[Collected data]
§ §
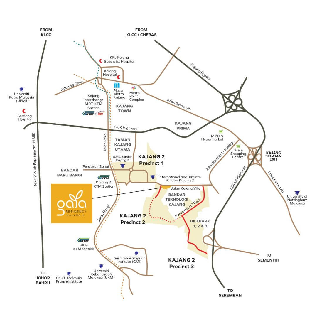 Well-Connected Urban Living: Kajang 2 is designed as a modern community with access to major highways such as SILK, LEKAS, BESRAYA, SKVE, PLUS, and Grand Saga, as well as KTM rail connectivity via the Kajang 2 KTM Station, which supports city commuting and accessibility.
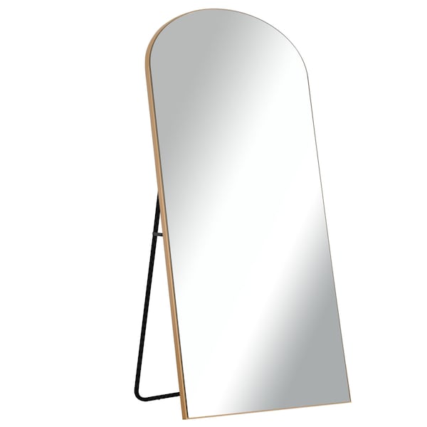 Enhance your space with the classic design of the 75-inch gold arch wood framed standing mirror. Crafted with a shatterproof mirror finish, this freestanding piece boasts a vertical orientation and an elegant arch shape. The rich gold color and wood frame add a touch of contemporary style to any room. With a generous width of 36 inches, this mirror is perfect for adding depth and brightness to your living area. Add a sophisticated touch to your decor with this standing mirror, a perfect blend of style and functionality. 75-inch H x 36-inch W x 0.79-inch D
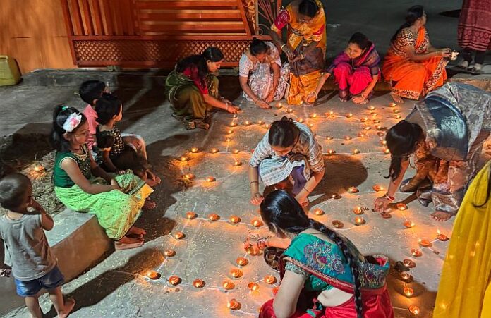 यावेळी दिव्यांमधून शुभ दीपावली साकारून सर्वांचे लक्ष वेधून घेण्यात आले. महिलावर्गाने या दीपोत्सवासाठी विशेष मेहनत घेतली. (अधिक बातमी खाली वाचा)
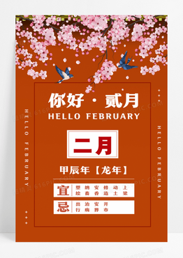 朱红色围墙浪漫桃花燕子春天甲辰年龙年你好二2月宣传海报
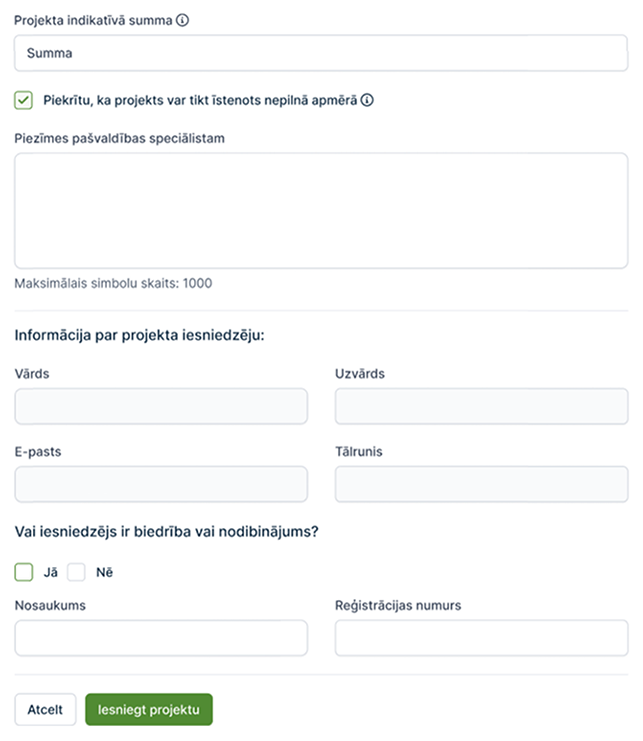 "11.1. aizpildīta projekta pieteikuma veidlapa Līdzdalības budžeta informācijas sistēmā (pielikums).".
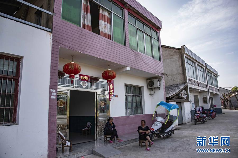 一名堰河村老人在新入住的民居的回廊休息(5月13日摄)。
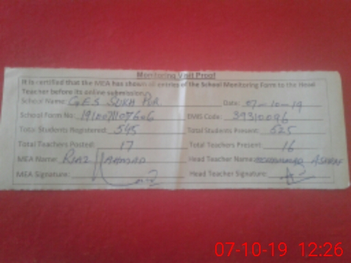 | EMIS Code: 39310096 | Name of School: GES SUKH PUR | |||
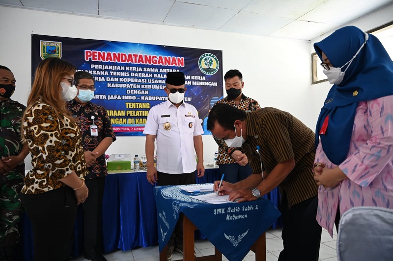 MoU antara Unit Pelaksana Teknis Daerah Balai Latihan Kerja Dinas Tenaga Kerja Dan Koperasi Usaha Kecil dan Menengah Kabupaten Kebumen Dengan CV Karta Jafa Indo Kabupaten Klaten berlangsung di UPTD BLK Disnaker KUKM, Kebumen, Selasa (7/12).
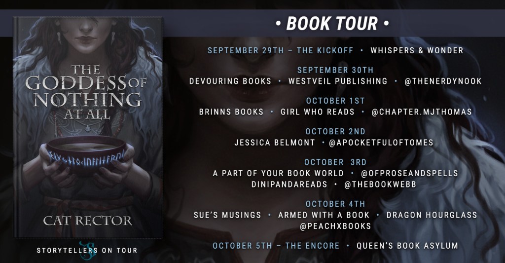 I’m back with another blog tour with The Storytellers on Tour for The Goddess of Nothing at All by Cat Rector. Thanks to the author for providing an ARC in exchange for an honest review!
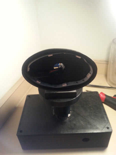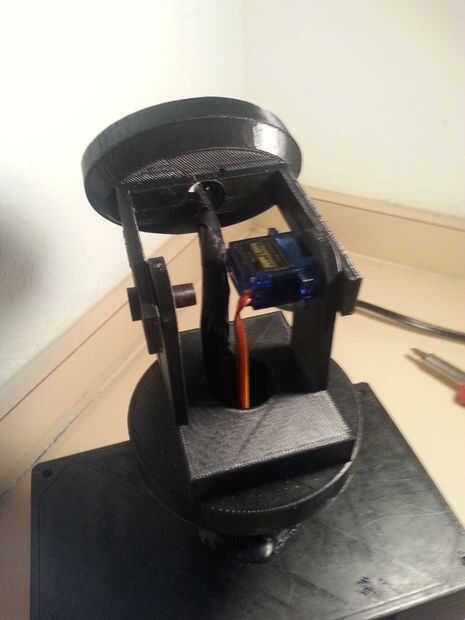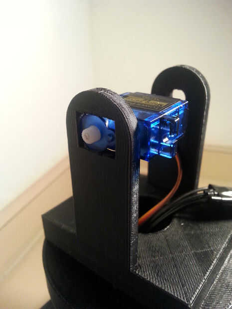 6. Conecte la lámpara a su base utilizando el tornillo y fijar el brazo del servo por lo que puede dar vuelta a la lámpara. (Asegúrese de que la han orientado el servo con su brazo de manera que cuando su encendido, y el brazo se establece en 0 grados, su en la posición correcta.)
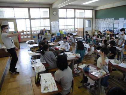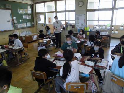 5年生の外国語で,ALTのデロン先生と学習をしました。相手の好きなものをたずねたり,自分の好きなものを答えたりする言い方をたくさん言い合いました。
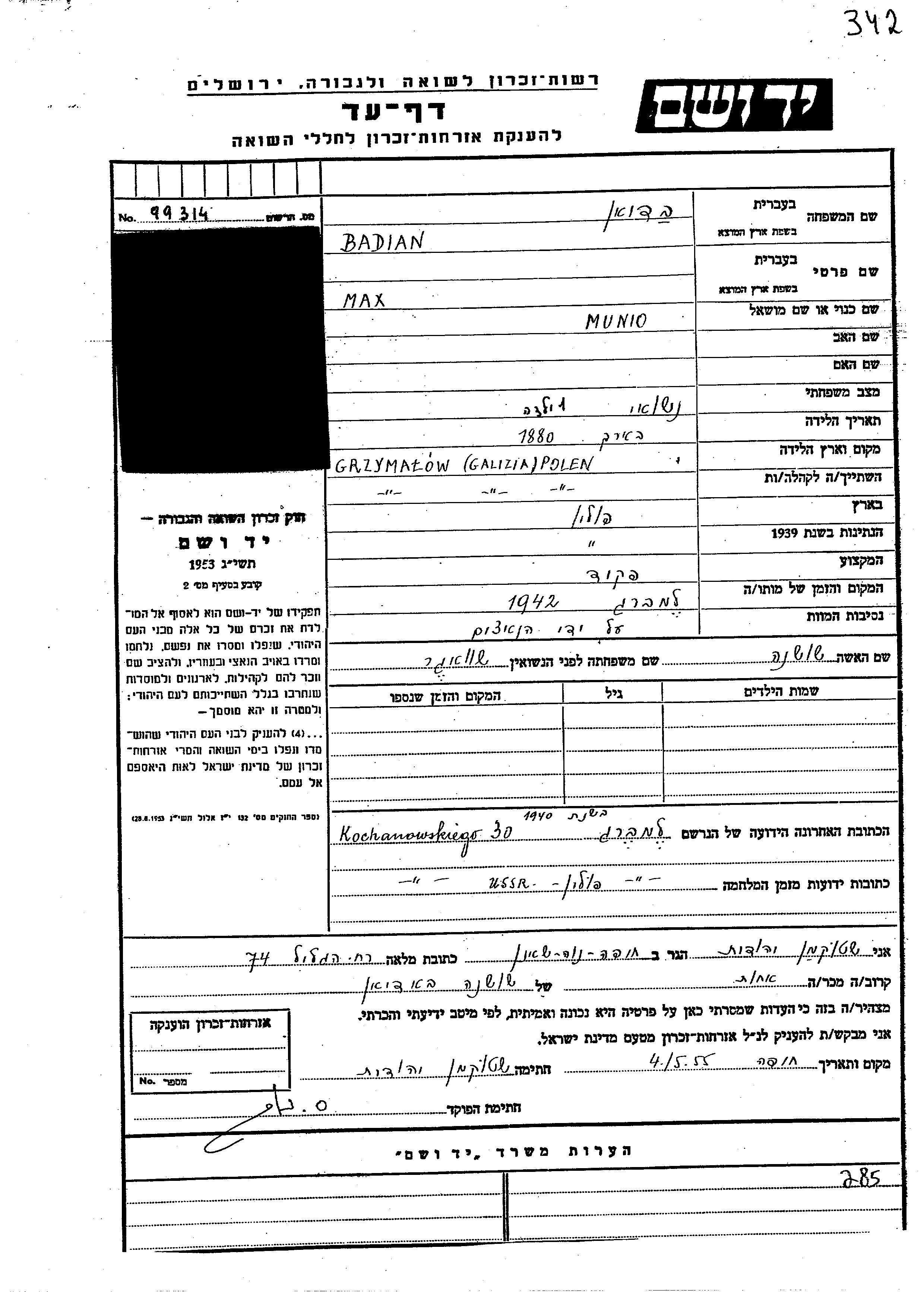 Бадиан | Макс Муньо | 1880 | Гжималов, Польша | Лист свидетельских показаний |
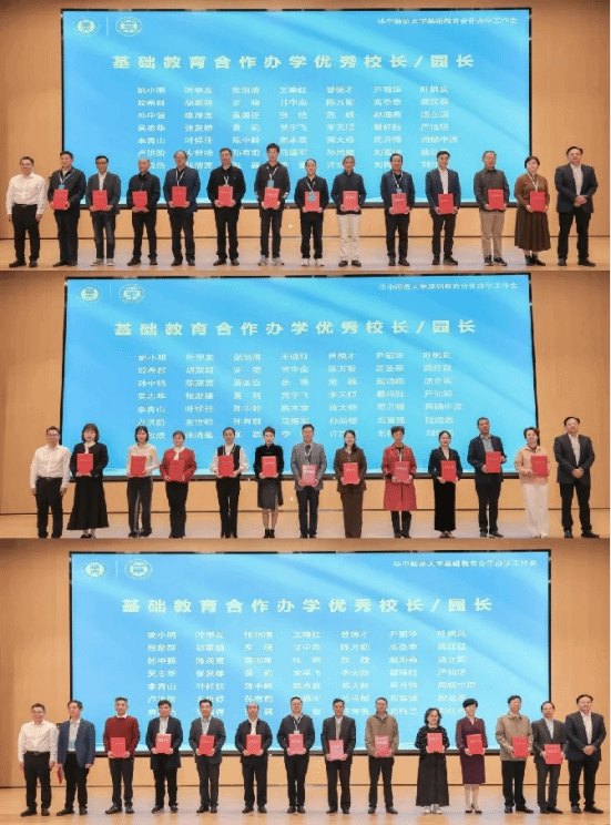 华中师范大学副校长李鸿飞、周鹏程为2023学年度华中师范大学合作办学平台49名优秀校长、副校长和园长颁奖。
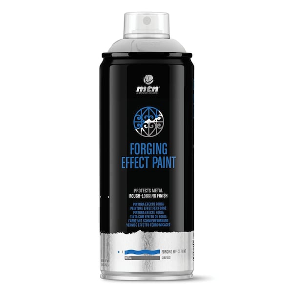 MTN PRO Forging Effect Spray Paint contains metallic particles with a rough finish that results in a ferrous look. This paint is a solvent-based acrylic spray paint that gives a rough finish thanks to its natural, micaceous iron oxide particles. Apart from the ferrous look, this synthetic enamel has anticorrosive properties as well. Due to the characteristics of this product we recommend using it for touch-ups on all types of industrial, domestic, handicraft and fine arts materials, or for any job where the properties of high-quality spray paint are required. However, its finish is ideal on structural steel; gates, metal fences, welded joints, street lamps, fountains and all types of urban furniture.
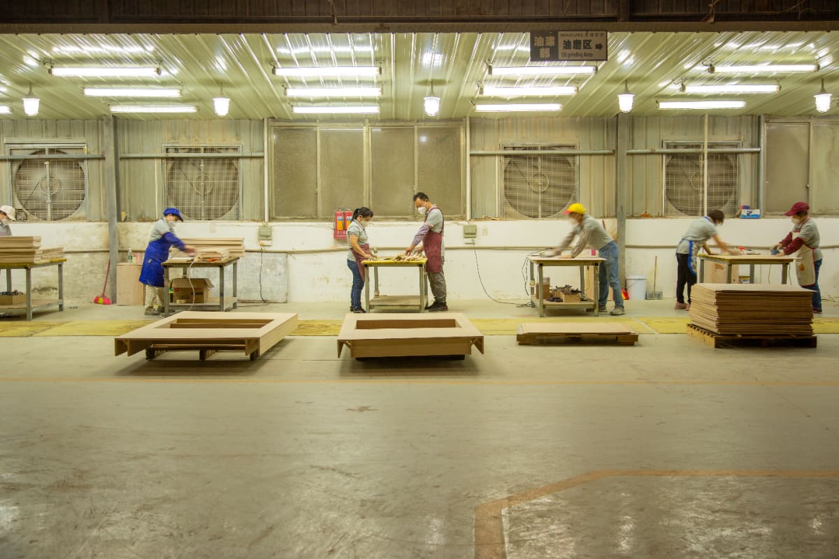 Meixu furniture has the most advancedautomatic production equipment and productionline in the world, providing top quality assurancefor your customized furniture. Meixu furniturecompany has imported the latest advancedequipment from West Germany, ltaly andTaiwan, and now has more than 200 sets ofvarious equipment, as well as a large numberof domestic equipment. The main equipmentincludes: German venjakob automatic paintspraying line, automatic electronic numericalcontrol cutting saw, German HOMAG computernumerical control five axis machining center,ltalian intelligent paint spraying manipulator, automatic multi axis row drilling machine.automatic veneer shearing machine, veneersplicing machine, data multi-layer hot press,four side planer, vertical shaft milling machine,copying lathe, wood drying room, tenon andgroove machine,precision Density saw.automatic tenoning machine, comb tenonbutt joint machine, comb tenon tenoningmachine, etc.At present, the main machinesand equipment used in paint production lineinclude large sanding machine, paint filmpolishing machine, water sand machine forpaint film and dust-free spray paint room.
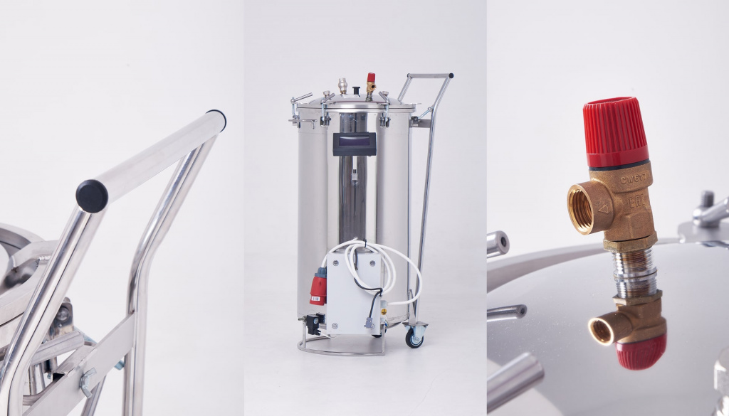 Электрический автоклав из нержавеющей стали с полностью автоматизированным процессом стерилизации. Оснащен электрическим блоком управления (ЭБУ) с возможностью стерилизации в 4 автоматических режимах "Мясо", "Птица", "Рыба", "Компот". В автоклаве предусмотрены автоматические режимы для жестяных банок и реторт-пакетов. Есть возможность сохранения до 10 собственных программ стерилизации для каждого вида упаковки.
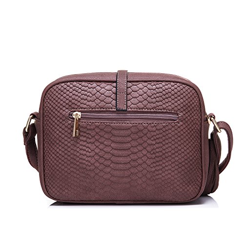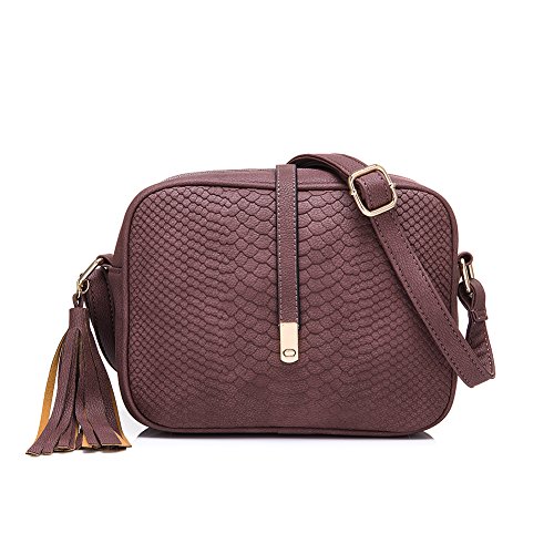 Side with tassels charm. Back with zipper pocket.Shoulder bag size:8.7" x 7.1" x 2.8"(WxHxD) strap height: 8.7"-20.5"
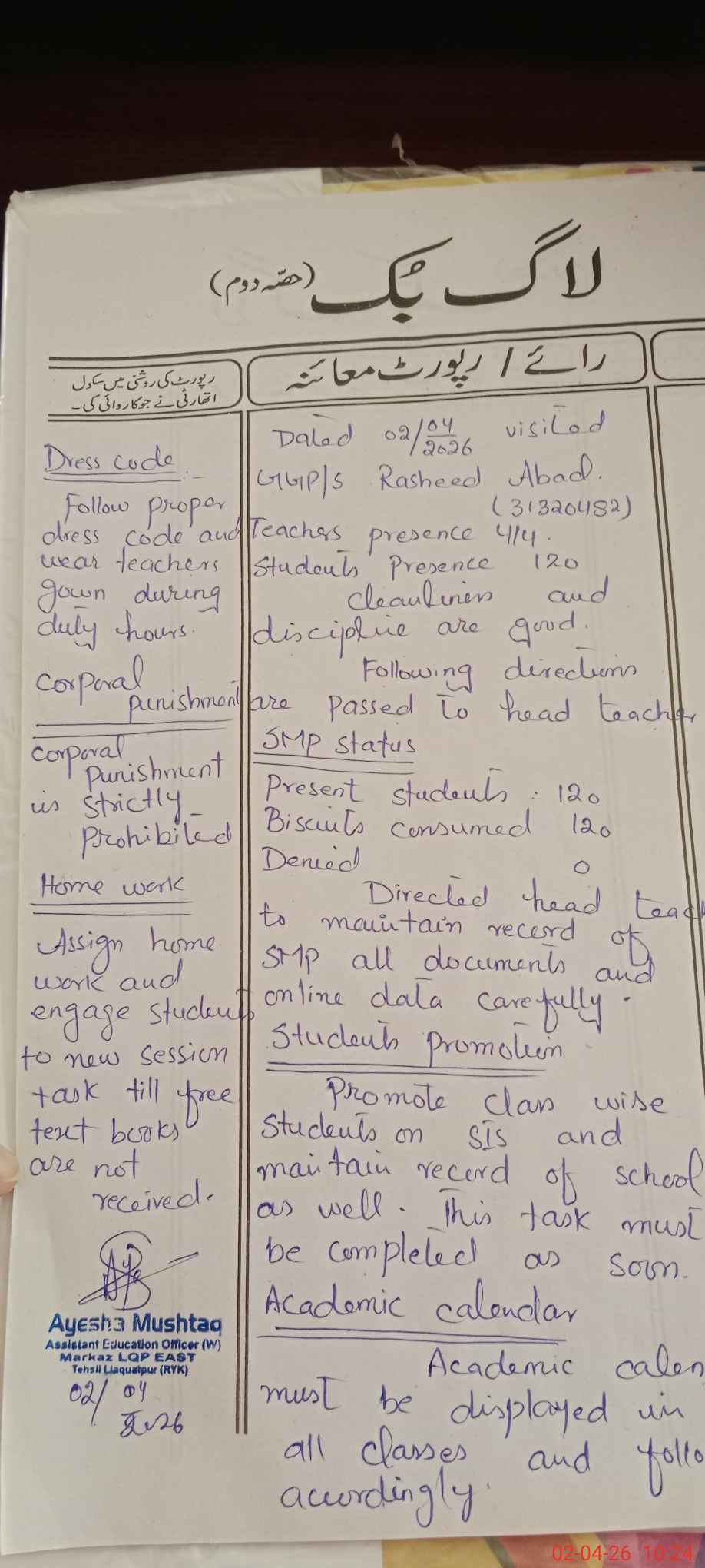 | EMIS Code: 31320482 | Name of School: GGPS RASHEED ABAD | |||
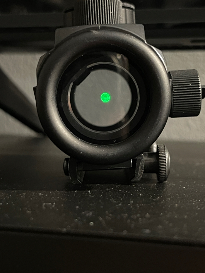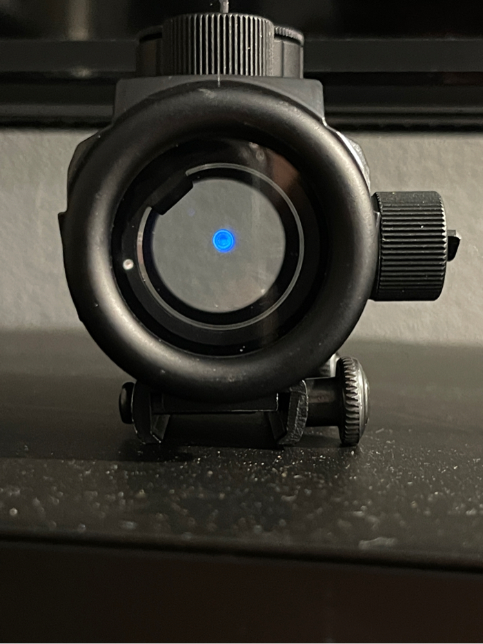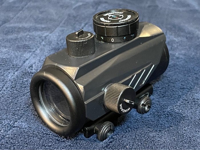 Simple red dot for picatinny rails can cycle between 3 colors, comes with protective silicone cover.
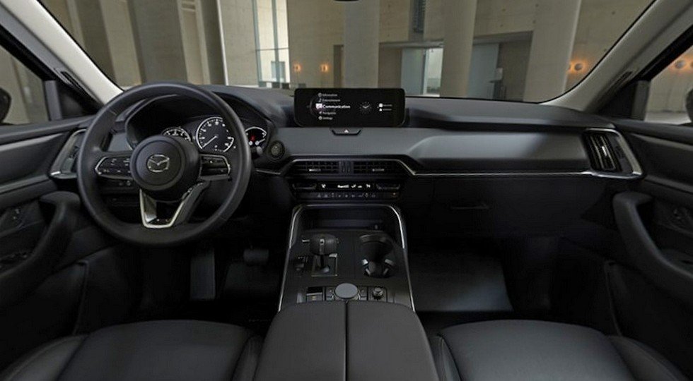 Всего у Mazda CX-90 одиннадцать вариантов исполнений. Кроссовер по умолчанию имеет систему KPC (Kinematic Posture Control; позволяет уменьшить крены в поворотах), системы выбора режимов движения, автоторможения, мониторинга «слепых» зон и слежения за разметкой. Самый дешевый CX-90 – это также 19-дюймовые колеса, восьмиместный салон, мультимедиа-система с экраном диагональю 10,25 дюйма, приборка с 7-дюймовым дисплеем и круиз-контроль. У версий подороже семиместный интерьер (с раздельными креслами во втором ряду), мультимедиа с экраном на 12,3 дюйма, аналогичного размера полностью виртуальная приборка, панорамная крыша, 21-дюймовые колеса, подогрев сидений, адаптивный «круиз», камеры кругового обзора и расширенный комплекс электронных ассистентов (например, есть система удержания в полосе). В арсенале топового кросса – шестиместный салон (между сиденьями второго ряда установлена массивная консоль) и отделка дорогими материалами (кожа наппа и деревянный шпон).
§ §
** THE PROBLEM **
The line holding "SUKH PUR | |||" starts the copy and the line holding "I’m back with" ends it. Repeat those two lines above and all between them exactly, leaving out pictures.

** ANSWER TO THE EXERCISE **
 | EMIS Code: 39310096 | Name of School: GES SUKH PUR | |||
 MoU antara Unit Pelaksana Teknis Daerah Balai Latihan Kerja Dinas Tenaga Kerja Dan Koperasi Usaha Kecil dan Menengah Kabupaten Kebumen Dengan CV Karta Jafa Indo Kabupaten Klaten berlangsung di UPTD BLK Disnaker KUKM, Kebumen, Selasa (7/12).
 I’m back with another blog tour with The Storytellers on Tour for The Goddess of Nothing at All by Cat Rector. Thanks to the author for providing an ARC in exchange for an honest review!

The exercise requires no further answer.